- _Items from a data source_
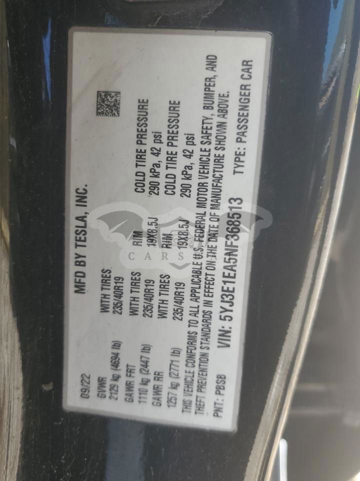 • VIN: 5YJ3E1EA5NF368513
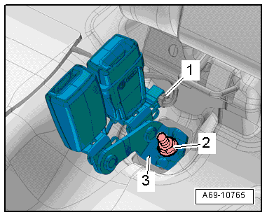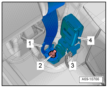 - Remove the bolt -3- and then remove the seat belt latch -1-.
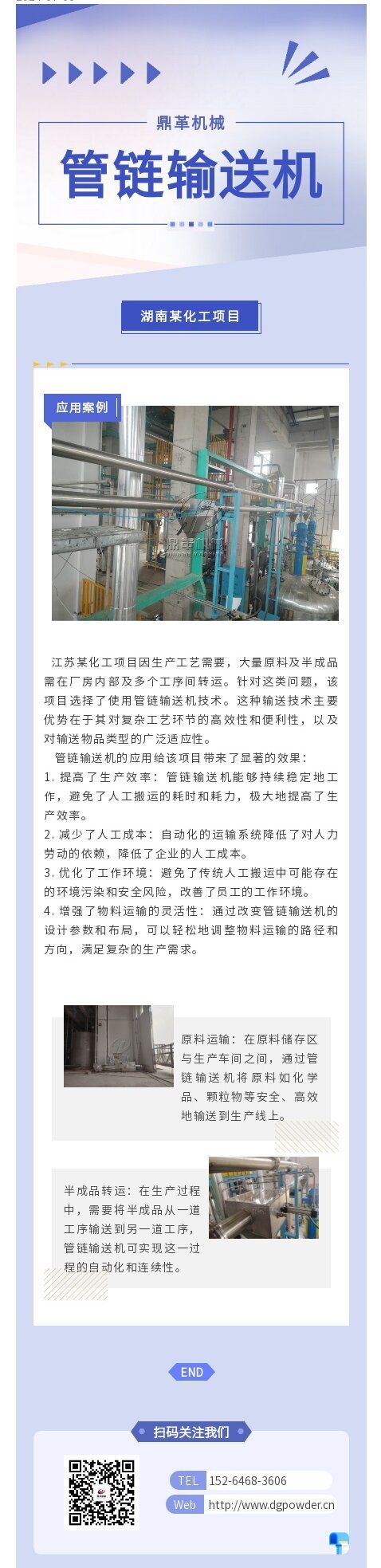 管鏈輸送機在化工行業(yè)的應用與優(yōu)勢
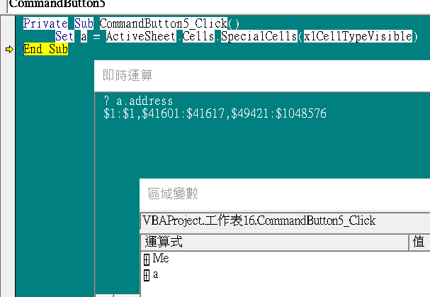 (2)內建函數範圍設定這部分,回想到VBA:Cells.SpecialCells 簡單應用+ 資料排序一文,透過設定為xlCellTypeConstants方式來取的位置即可解決。
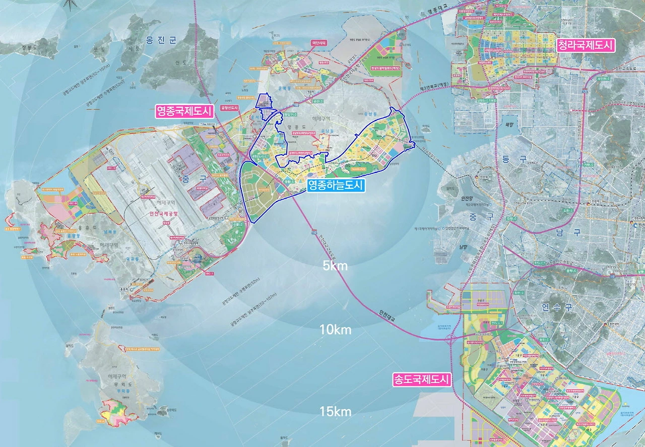 대덕구 같은 지자체는 영종도 공항도시처럼 아예 통개발해야 한다. 당시 인천시는 국제공항을 안치한 영종도를 중심으로 송도, 청라를 묶는 미래 사업을 10년 이상 진행하고 있었다. 그때 대전을 움직였던 사람들은 인천시가 가지고 있는 포부, 시각의 범위, 행정의 속도를 따라가지 못했다. 사진 출처,인천경제자유구역)
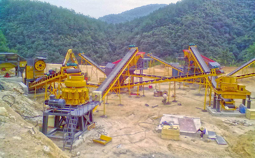 主要設備:顎破、液壓圓錐破、制砂機、振動篩、皮帶機等
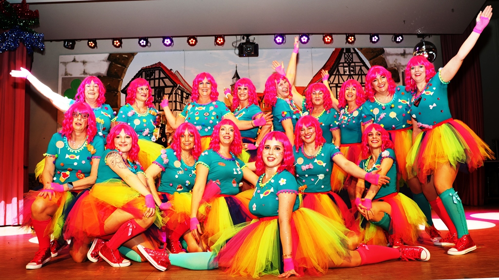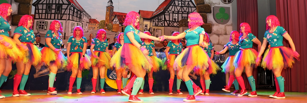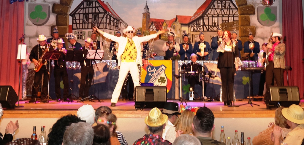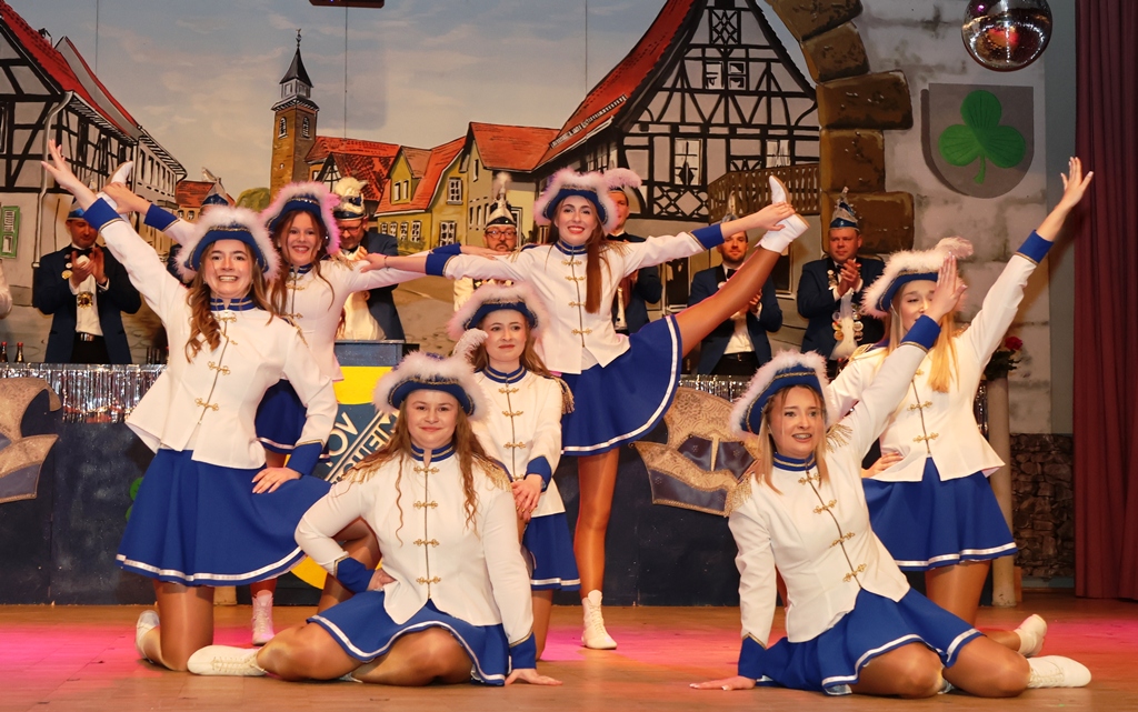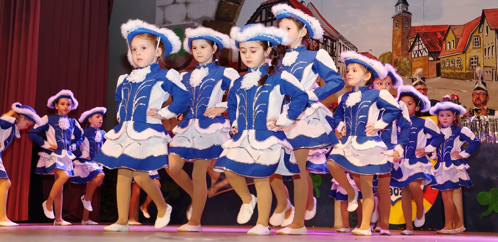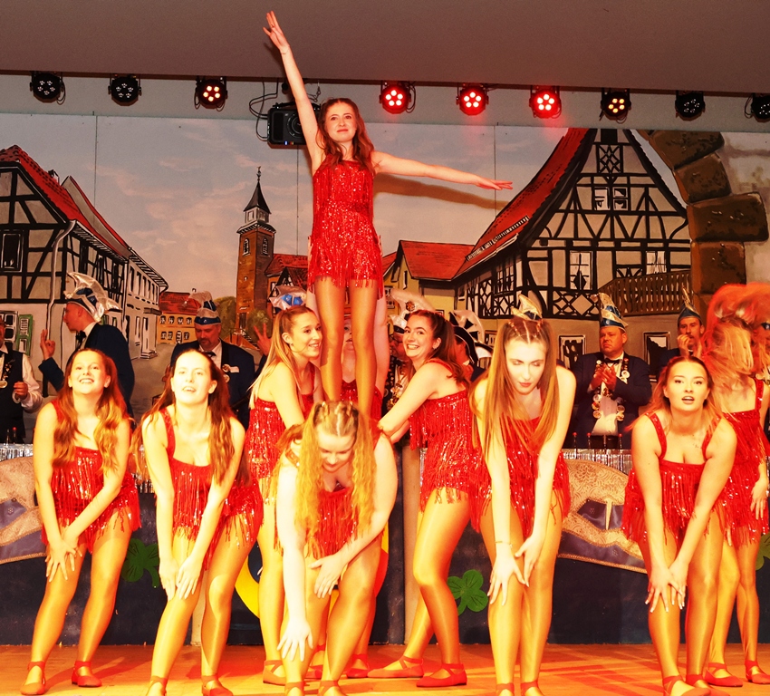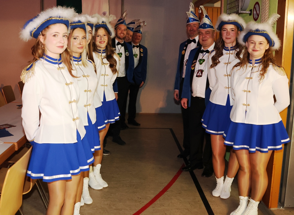 Nach der Pause war wieder das RGAD Orchester mit LIVE-Musik an der Reihe und hielt mit fetzigen Rhythmen die Stimmung hoch. Der Gastverein aus Wiesloch, die KG Blau Weiss, brachte als „Gastgeschenk“ seine Tanzmariechen mit, die wie immer mit Feuer über die Bühne fegten …
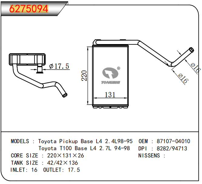 FOR COROLLA ZZE122 AT RADIATOR
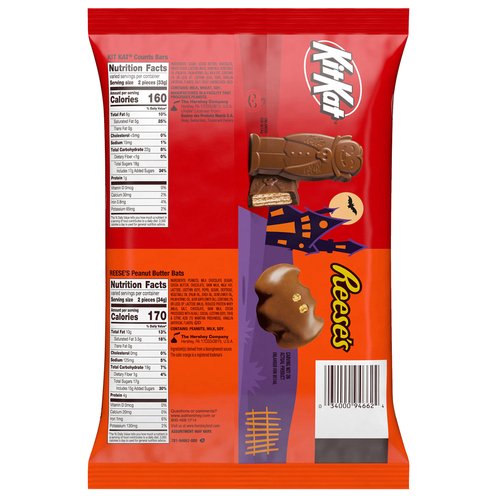 - KitKat Counts Bars: Sugar, Cocoa Butter, Chocolate, Wheat Flour, Lactose (Milk), Skim Milk, Vegetable Oil (Palm Oil, Palm Kernel Oil), Milk Fat, Contains 2% or Less of: Lecithin (Soy), PGPR, Vanillin (Artificial Flavor), Salt, Yeast, Baking Soda. Reese's Peanut Butter Bats: Peanuts, Milk Chocolate (Sugar, Cocoa Butter, Chocolate, Skim Milk, Milk Fat, Lactose, Lecithin (Soy), PGPR), Sugar, Dextrose, Vegetable Oil (Palm Oil, Shea Oil, Sunflower Oil, Palm Kernel Oil, &/or Safflower Oil), Contains 2% or Less of: Lactose (Milk), Reduced Protein Whey (Milk), Salt, Chocolate, Skim Milk, Cocoa Processed with Alkali, Cocoa, Lecithin (Soy), TBHQ & Citric Acid (to Maintain Freshness), Vanillin (Artificial Flavor).

- _What is expected_
An exact copy of all entries is needed, with no pictures in it.

- _Solved problem_
 • VIN: 5YJ3E1EA5NF368513
 - Remove the bolt -3- and then remove the seat belt latch -1-.
 管鏈輸送機在化工行業(yè)的應用與優(yōu)勢
 (2)內建函數範圍設定這部分,回想到VBA:Cells.SpecialCells 簡單應用+ 資料排序一文,透過設定為xlCellTypeConstants方式來取的位置即可解決。
 대덕구 같은 지자체는 영종도 공항도시처럼 아예 통개발해야 한다. 당시 인천시는 국제공항을 안치한 영종도를 중심으로 송도, 청라를 묶는 미래 사업을 10년 이상 진행하고 있었다. 그때 대전을 움직였던 사람들은 인천시가 가지고 있는 포부, 시각의 범위, 행정의 속도를 따라가지 못했다. 사진 출처,인천경제자유구역)
 主要設備:顎破、液壓圓錐破、制砂機、振動篩、皮帶機等
 Nach der Pause war wieder das RGAD Orchester mit LIVE-Musik an der Reihe und hielt mit fetzigen Rhythmen die Stimmung hoch. Der Gastverein aus Wiesloch, die KG Blau Weiss, brachte als „Gastgeschenk“ seine Tanzmariechen mit, die wie immer mit Feuer über die Bühne fegten …
 FOR COROLLA ZZE122 AT RADIATOR
 - KitKat Counts Bars: Sugar, Cocoa Butter, Chocolate, Wheat Flour, Lactose (Milk), Skim Milk, Vegetable Oil (Palm Oil, Palm Kernel Oil), Milk Fat, Contains 2% or Less of: Lecithin (Soy), PGPR, Vanillin (Artificial Flavor), Salt, Yeast, Baking Soda. Reese's Peanut Butter Bats: Peanuts, Milk Chocolate (Sugar, Cocoa Butter, Chocolate, Skim Milk, Milk Fat, Lactose, Lecithin (Soy), PGPR), Sugar, Dextrose, Vegetable Oil (Palm Oil, Shea Oil, Sunflower Oil, Palm Kernel Oil, &/or Safflower Oil), Contains 2% or Less of: Lactose (Milk), Reduced Protein Whey (Milk), Salt, Chocolate, Skim Milk, Cocoa Processed with Alkali, Cocoa, Lecithin (Soy), TBHQ & Citric Acid (to Maintain Freshness), Vanillin (Artificial Flavor).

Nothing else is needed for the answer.